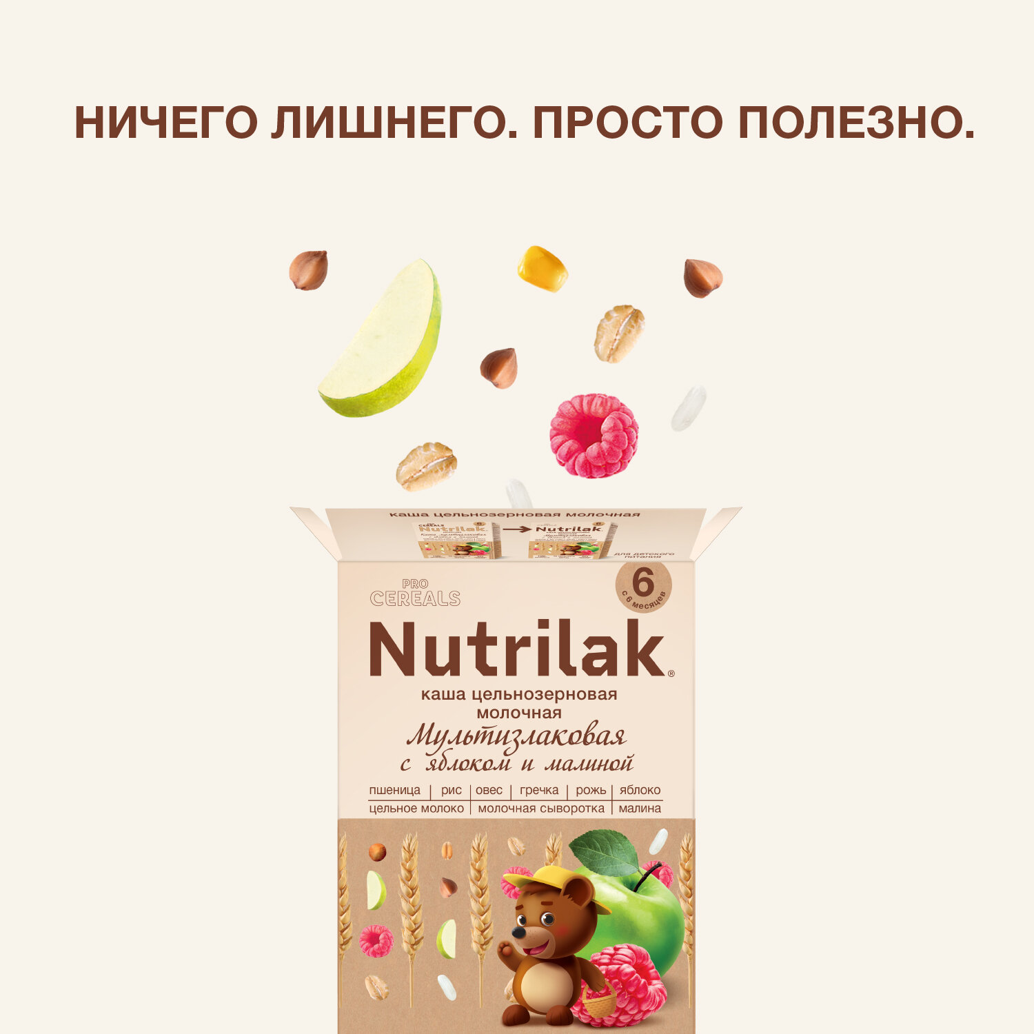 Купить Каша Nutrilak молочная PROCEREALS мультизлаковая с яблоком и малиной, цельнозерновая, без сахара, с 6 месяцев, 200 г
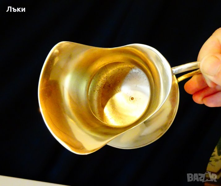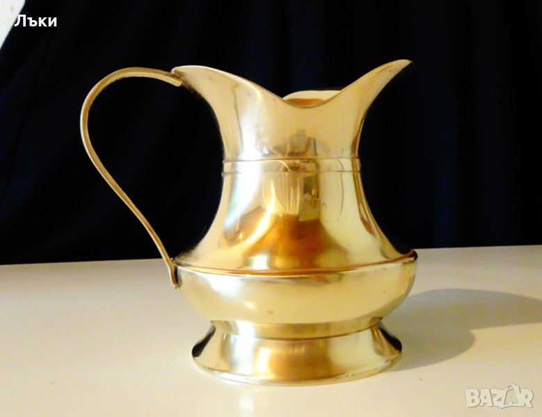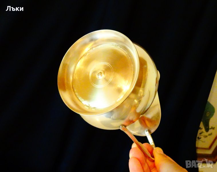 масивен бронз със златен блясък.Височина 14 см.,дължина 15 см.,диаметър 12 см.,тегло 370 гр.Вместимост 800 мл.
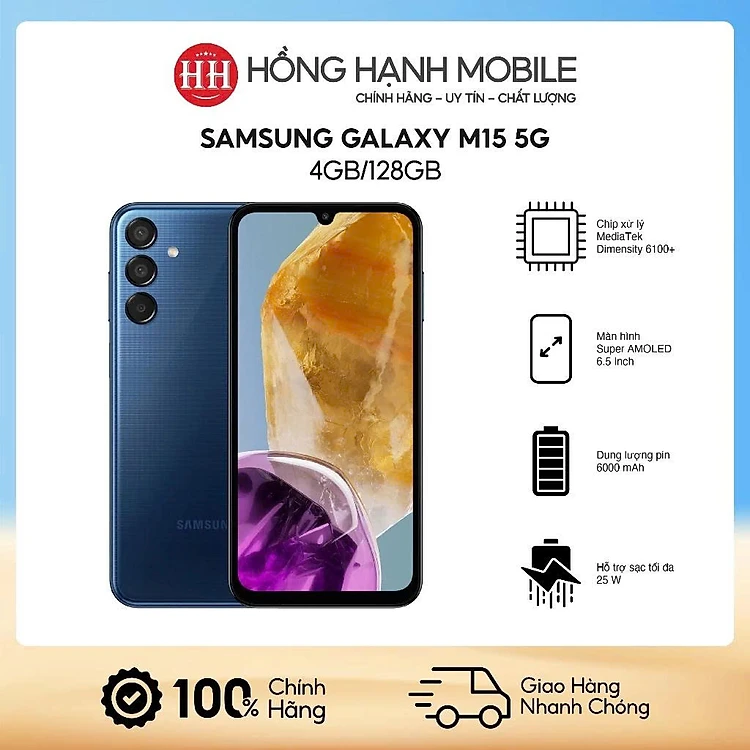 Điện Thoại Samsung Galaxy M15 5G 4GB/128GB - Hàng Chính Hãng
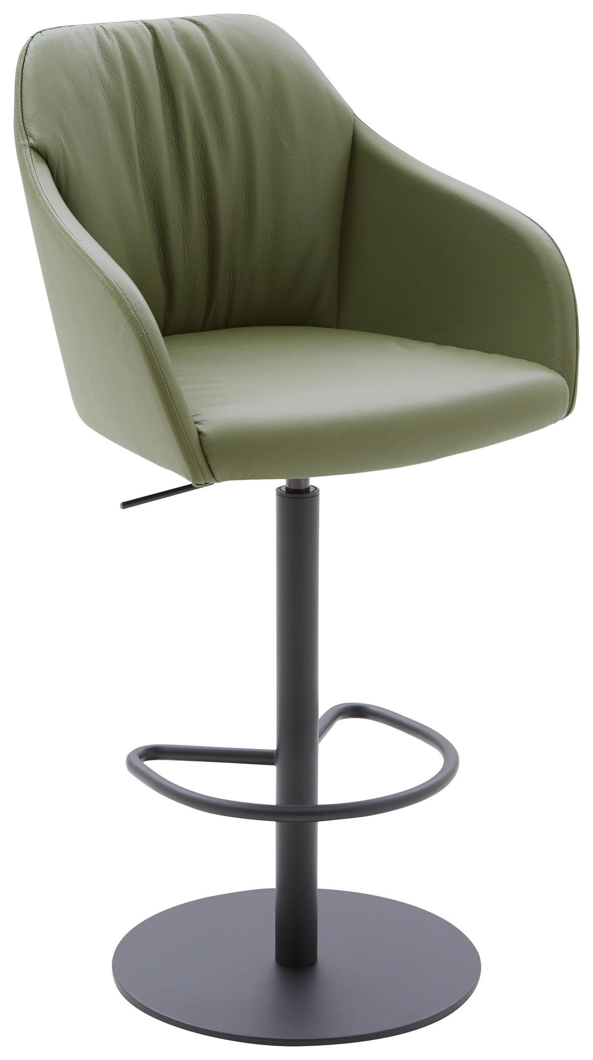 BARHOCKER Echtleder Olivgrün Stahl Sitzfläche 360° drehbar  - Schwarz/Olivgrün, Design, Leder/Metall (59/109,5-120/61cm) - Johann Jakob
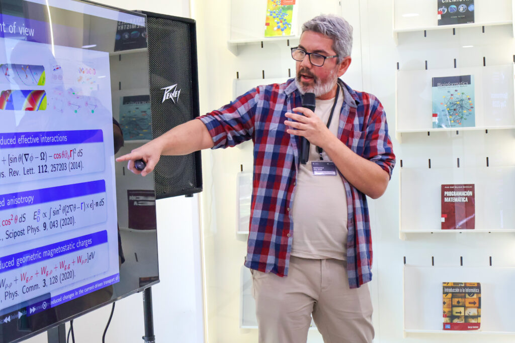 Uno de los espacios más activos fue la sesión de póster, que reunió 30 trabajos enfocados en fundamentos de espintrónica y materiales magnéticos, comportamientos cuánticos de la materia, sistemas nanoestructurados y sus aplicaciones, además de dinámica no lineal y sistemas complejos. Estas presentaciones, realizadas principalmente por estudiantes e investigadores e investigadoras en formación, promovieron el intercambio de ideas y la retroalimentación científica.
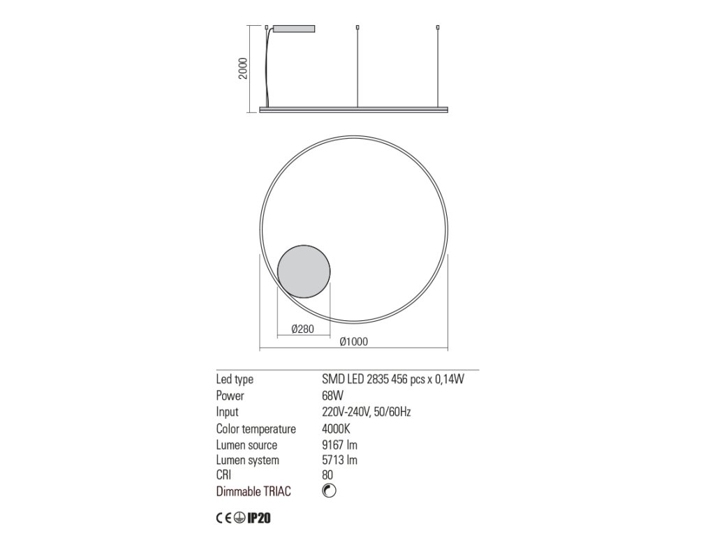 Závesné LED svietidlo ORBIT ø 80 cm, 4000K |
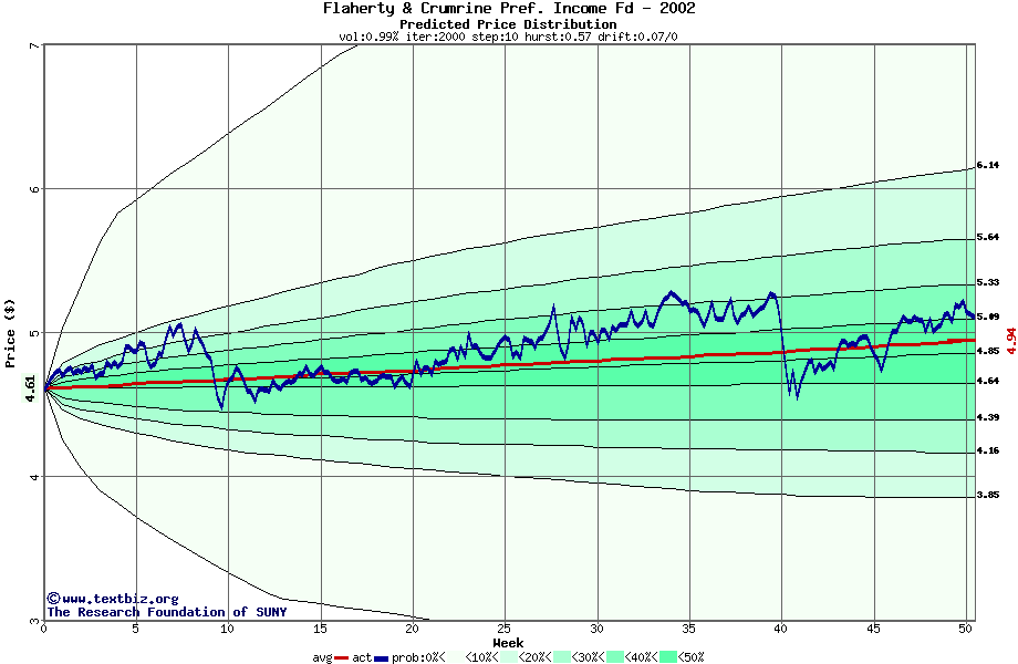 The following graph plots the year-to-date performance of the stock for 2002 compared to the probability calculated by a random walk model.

▶ About this task: Your task is to repeat the data above exactly while excluding the pictures.

▶ Result for this exercise:
 Купить Каша Nutrilak молочная PROCEREALS мультизлаковая с яблоком и малиной, цельнозерновая, без сахара, с 6 месяцев, 200 г
 масивен бронз със златен блясък.Височина 14 см.,дължина 15 см.,диаметър 12 см.,тегло 370 гр.Вместимост 800 мл.
 Điện Thoại Samsung Galaxy M15 5G 4GB/128GB - Hàng Chính Hãng
 BARHOCKER Echtleder Olivgrün Stahl Sitzfläche 360° drehbar  - Schwarz/Olivgrün, Design, Leder/Metall (59/109,5-120/61cm) - Johann Jakob
 Uno de los espacios más activos fue la sesión de póster, que reunió 30 trabajos enfocados en fundamentos de espintrónica y materiales magnéticos, comportamientos cuánticos de la materia, sistemas nanoestructurados y sus aplicaciones, además de dinámica no lineal y sistemas complejos. Estas presentaciones, realizadas principalmente por estudiantes e investigadores e investigadoras en formación, promovieron el intercambio de ideas y la retroalimentación científica.
 Závesné LED svietidlo ORBIT ø 80 cm, 4000K |
 The following graph plots the year-to-date performance of the stock for 2002 compared to the probability calculated by a random walk model.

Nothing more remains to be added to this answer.